Parsing.String
- Package
- purescript-parsing
- Repository
- purescript-contrib/purescript-parsing
Primitive parsers for working with an input stream of type String.
All of these primitive parsers will consume their input when they succeed.
All of these primitive parsers will consume no input when they fail.
The behavior of these primitive parsers is based on the behavior of the
Data.String module in the strings package.
In most JavaScript runtime environments, the String
is little-endian UTF-16.
The primitive parsers which return Char will only succeed when the character
being parsed is a code point in the
Basic Multilingual Plane
(the “BMP”). These parsers can be convenient because of the good support
that PureScript has for writing Char literals like 'あ', 'β', 'C'.
The other primitive parsers, which return CodePoint and String types,
can parse the full Unicode character set. All of the primitive parsers
in this module can be used together.
Position
In a String parser, the Position {index} counts the number of
unicode CodePoints since the beginning of the input string.

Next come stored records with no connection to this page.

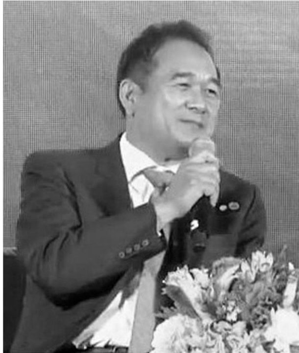
กฤษฎา จีนะวิจารณ์ ปลัดกระทรวงการคลัง
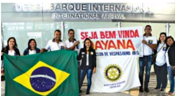
A intercambista foi recebida pelos rotarianos no Aeroporto de Confin
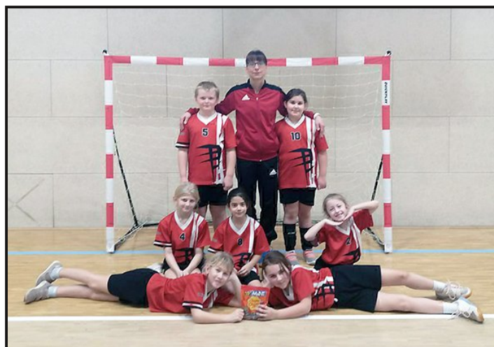
Poděbrady - PŘÍPRAVKA
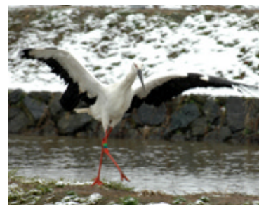
コウノトリを戻すために農村環境整備を行います
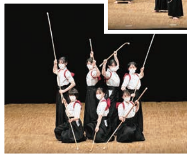
▲凛とした演技が光る盛岡第二高校なぎなた部
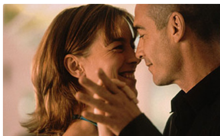
2005 TARA ROAD (Tara Road) de Gillies MacKinnon avec Jean-Marc Barr
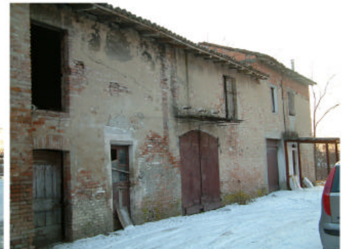
6. Edificio 3c e 3d. Fronti nord
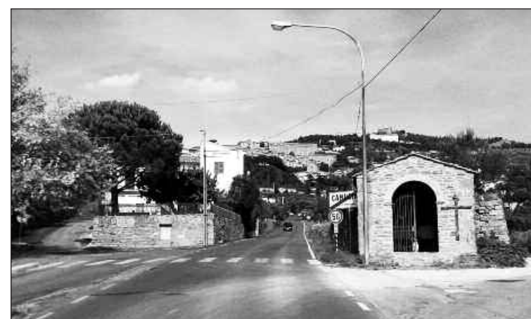
Cortona 2017. Maestà del Sasso.
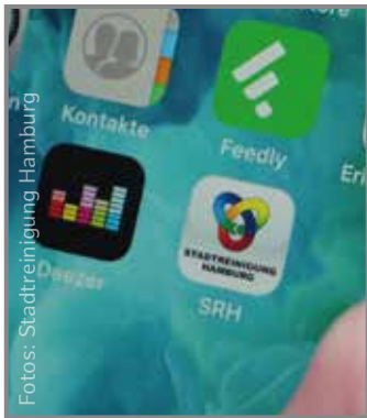
App der Stadtreinigung

An der Bushaltestelle Am Hohen Feld liegt wieder viel Müll? Gemeinsam können wir Elfsaal sauber halten. Die SauberAPP der Stadtreinigung kann sich jeder kostenlos auf das Handy laden. Damit können Sie Müll melden. Das ist ganz einfach! Sie machen ein Foto von der Müllecke, geben den Ort an und können sich informieren lassen, wenn der Müll durch die Stadtreinigung entfernt wurde. Wer lieber telefoniert, kann sich auch an die Hotline Saubere Stadt wenden: 040 2576 1111.

Each tab character (0x09) encountered in a String parser will advance
the Position {column} by 8.
These patterns will advance the Position {line} by 1 and reset
the Position {column} to 1:
- newline (
0x0A) - carriage-return (
0x0D) - carriage-return-newline (
0x0D 0x0A)
#anyCodePoint Source
anyCodePoint :: forall m. ParserT String m CodePointMatch any Unicode character. Always succeeds when any input remains.
#match Source
match :: forall m a. ParserT String m a -> ParserT String m (Tuple String a)Combinator which returns both the result of a parse and the slice of the input that was consumed while it was being parsed.
Because Strings are not Char arrays in PureScript, many and some
on Char parsers need to
be used with Data.String.CodeUnits.fromCharArray to
construct a String.
fromCharArray <$> Data.Array.many (char 'x')

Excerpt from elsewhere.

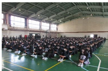
【着任式・始業式の様子】 どの学年も整然と式に臨みました

今年度の本校の学校重点目標は、「確かな学力の育成」と「ゆたかな社会性の育成」の二つです。保護者の皆様、地域の皆様の御理解と御協力のもと、家庭と地域、学校がともに手を携え、子どもたちの健全な育成を目指し、教職員一丸となって取り組んでまいります。今年度も、御支援のほどよろしくお願いいたします。

It’s more efficient to achieve the same result by using this match combinator
instead of fromCharArray.
fst <$> match (Combinators.skipMany (char 'x'))
#regex Source
regex :: forall m. String -> RegexFlags -> Either String (ParserT String m String)Compile a regular expression string into a regular expression parser.

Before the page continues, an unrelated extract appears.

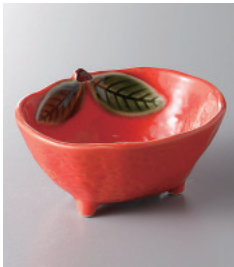
159-21-33H 600円 朱赤ゆず珍味 9×7.5×4cm

This function will use the Data.String.Regex.regex function to compile and return a parser which can be used
in a ParserT String m monad.
This parser will try to match the regular expression pattern starting at the current parser position. On success, it will return the matched substring.
MDN Regular Expressions Cheatsheet
This function should be called outside the context of a ParserT String m monad, because this function might
fail with a Left RegExp compilation error message.
If you call this function inside of the ParserT String m monad and then fail the parse when the compilation fails,
then that could be confusing because a parser failure is supposed to indicate an invalid input string.
If the compilation failure occurs in an alt then the compilation failure might not be reported at all and instead
the input string would be parsed incorrectly.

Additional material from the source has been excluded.